TASK BRIEF:
In the listing beneath this line, copy exactly the lines starting with the one containing "e prepare agora" and going on through the one containing "Hex #51d7cb Color".

TASK MATERIAL:
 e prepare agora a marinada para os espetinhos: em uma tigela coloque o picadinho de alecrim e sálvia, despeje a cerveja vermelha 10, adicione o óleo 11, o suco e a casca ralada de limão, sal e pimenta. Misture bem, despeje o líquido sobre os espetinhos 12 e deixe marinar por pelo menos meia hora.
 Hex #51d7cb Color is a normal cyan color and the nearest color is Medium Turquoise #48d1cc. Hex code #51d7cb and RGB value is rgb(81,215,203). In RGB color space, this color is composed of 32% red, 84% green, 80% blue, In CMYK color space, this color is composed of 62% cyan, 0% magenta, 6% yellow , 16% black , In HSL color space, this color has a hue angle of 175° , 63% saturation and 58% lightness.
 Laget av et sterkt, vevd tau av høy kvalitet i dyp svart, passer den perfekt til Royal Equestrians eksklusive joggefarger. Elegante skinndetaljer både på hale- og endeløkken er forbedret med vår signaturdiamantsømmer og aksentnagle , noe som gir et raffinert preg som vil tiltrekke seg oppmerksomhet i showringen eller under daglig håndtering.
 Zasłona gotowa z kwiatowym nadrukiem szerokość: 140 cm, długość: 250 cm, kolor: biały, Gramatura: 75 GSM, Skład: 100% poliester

--

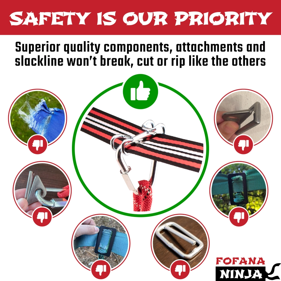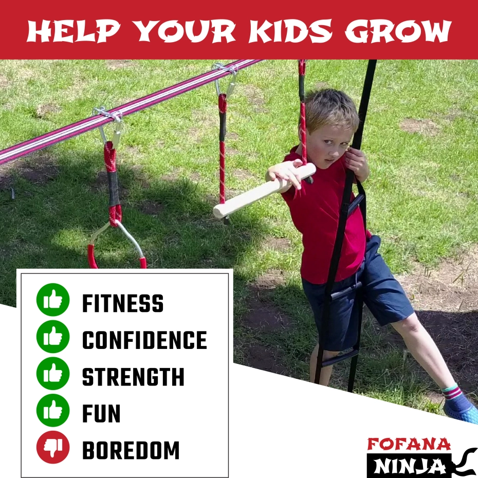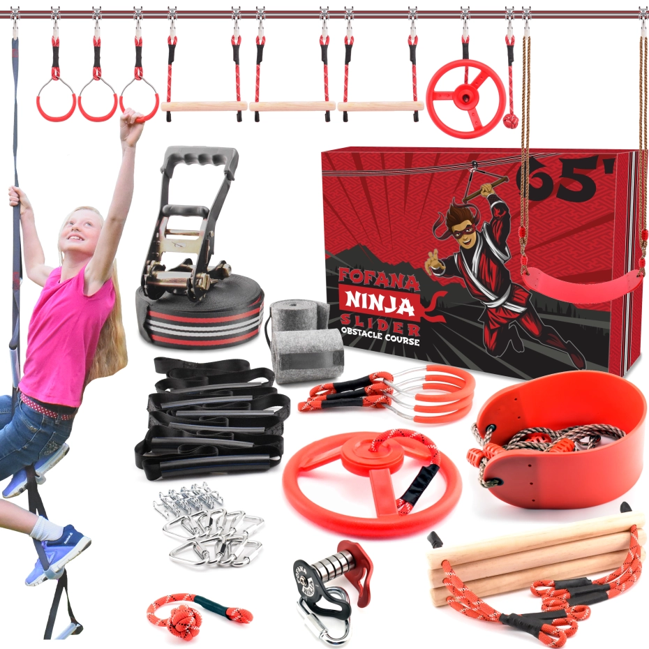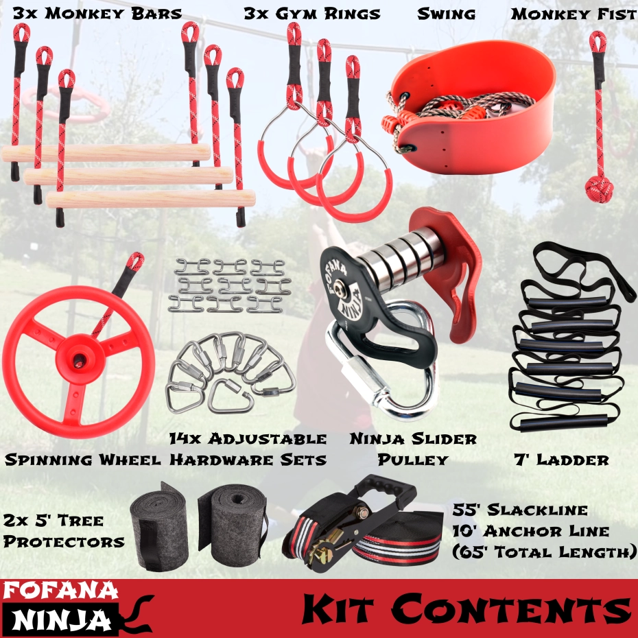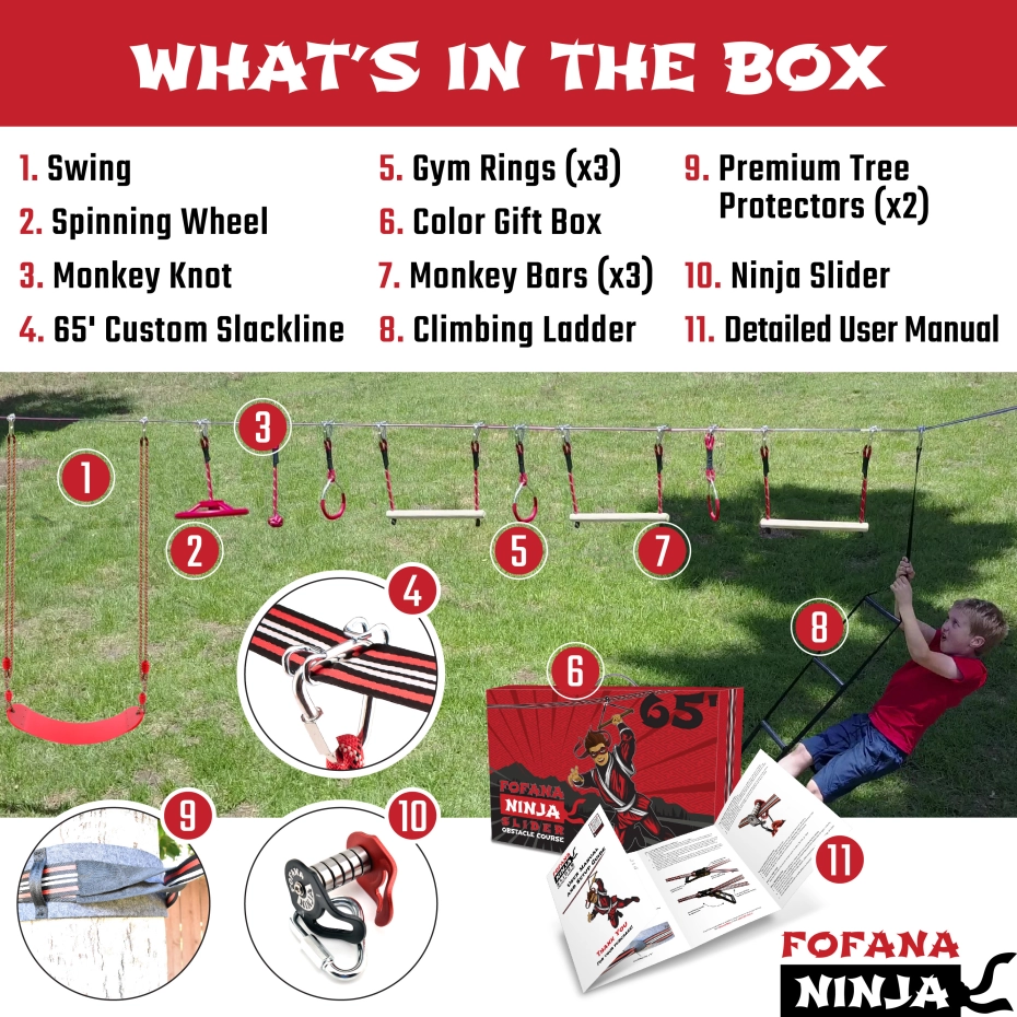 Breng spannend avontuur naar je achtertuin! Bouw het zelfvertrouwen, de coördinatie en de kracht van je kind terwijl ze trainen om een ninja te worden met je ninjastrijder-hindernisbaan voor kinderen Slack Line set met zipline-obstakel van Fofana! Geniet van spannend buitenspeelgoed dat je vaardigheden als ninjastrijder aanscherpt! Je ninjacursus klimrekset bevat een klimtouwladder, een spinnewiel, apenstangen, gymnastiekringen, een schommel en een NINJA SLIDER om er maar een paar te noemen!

---

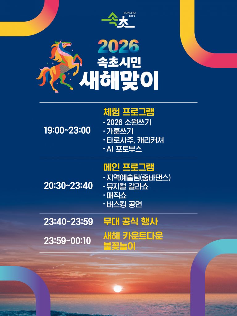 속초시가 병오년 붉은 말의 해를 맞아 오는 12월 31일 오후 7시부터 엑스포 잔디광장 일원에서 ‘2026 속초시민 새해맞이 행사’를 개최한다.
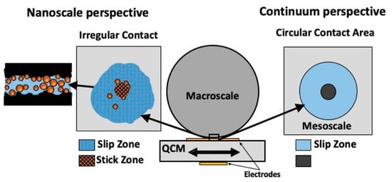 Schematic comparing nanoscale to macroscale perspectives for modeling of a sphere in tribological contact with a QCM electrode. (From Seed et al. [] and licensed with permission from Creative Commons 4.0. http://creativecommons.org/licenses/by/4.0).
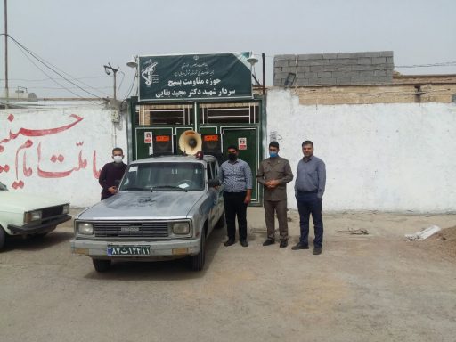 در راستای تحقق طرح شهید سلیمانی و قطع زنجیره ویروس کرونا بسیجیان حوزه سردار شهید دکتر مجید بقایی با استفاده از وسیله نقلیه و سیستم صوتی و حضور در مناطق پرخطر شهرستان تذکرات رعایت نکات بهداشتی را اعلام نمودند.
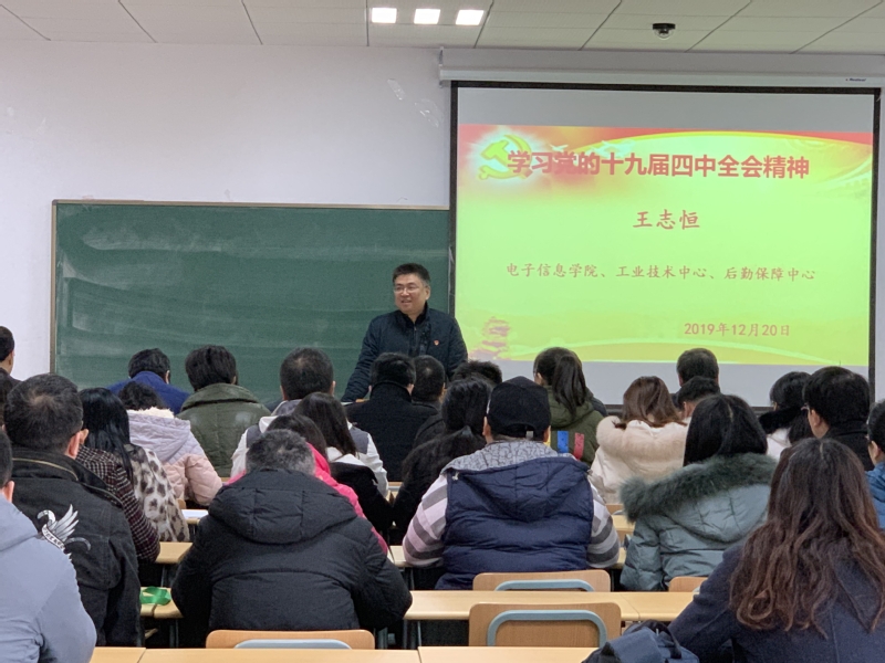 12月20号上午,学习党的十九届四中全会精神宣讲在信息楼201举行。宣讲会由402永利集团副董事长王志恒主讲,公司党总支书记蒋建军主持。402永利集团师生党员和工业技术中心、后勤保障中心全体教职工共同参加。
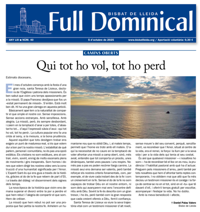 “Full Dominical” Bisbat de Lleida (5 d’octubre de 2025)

RESPONSE TO THIS TASK:
 e prepare agora a marinada para os espetinhos: em uma tigela coloque o picadinho de alecrim e sálvia, despeje a cerveja vermelha 10, adicione o óleo 11, o suco e a casca ralada de limão, sal e pimenta. Misture bem, despeje o líquido sobre os espetinhos 12 e deixe marinar por pelo menos meia hora.
 Hex #51d7cb Color is a normal cyan color and the nearest color is Medium Turquoise #48d1cc. Hex code #51d7cb and RGB value is rgb(81,215,203). In RGB color space, this color is composed of 32% red, 84% green, 80% blue, In CMYK color space, this color is composed of 62% cyan, 0% magenta, 6% yellow , 16% black , In HSL color space, this color has a hue angle of 175° , 63% saturation and 58% lightness.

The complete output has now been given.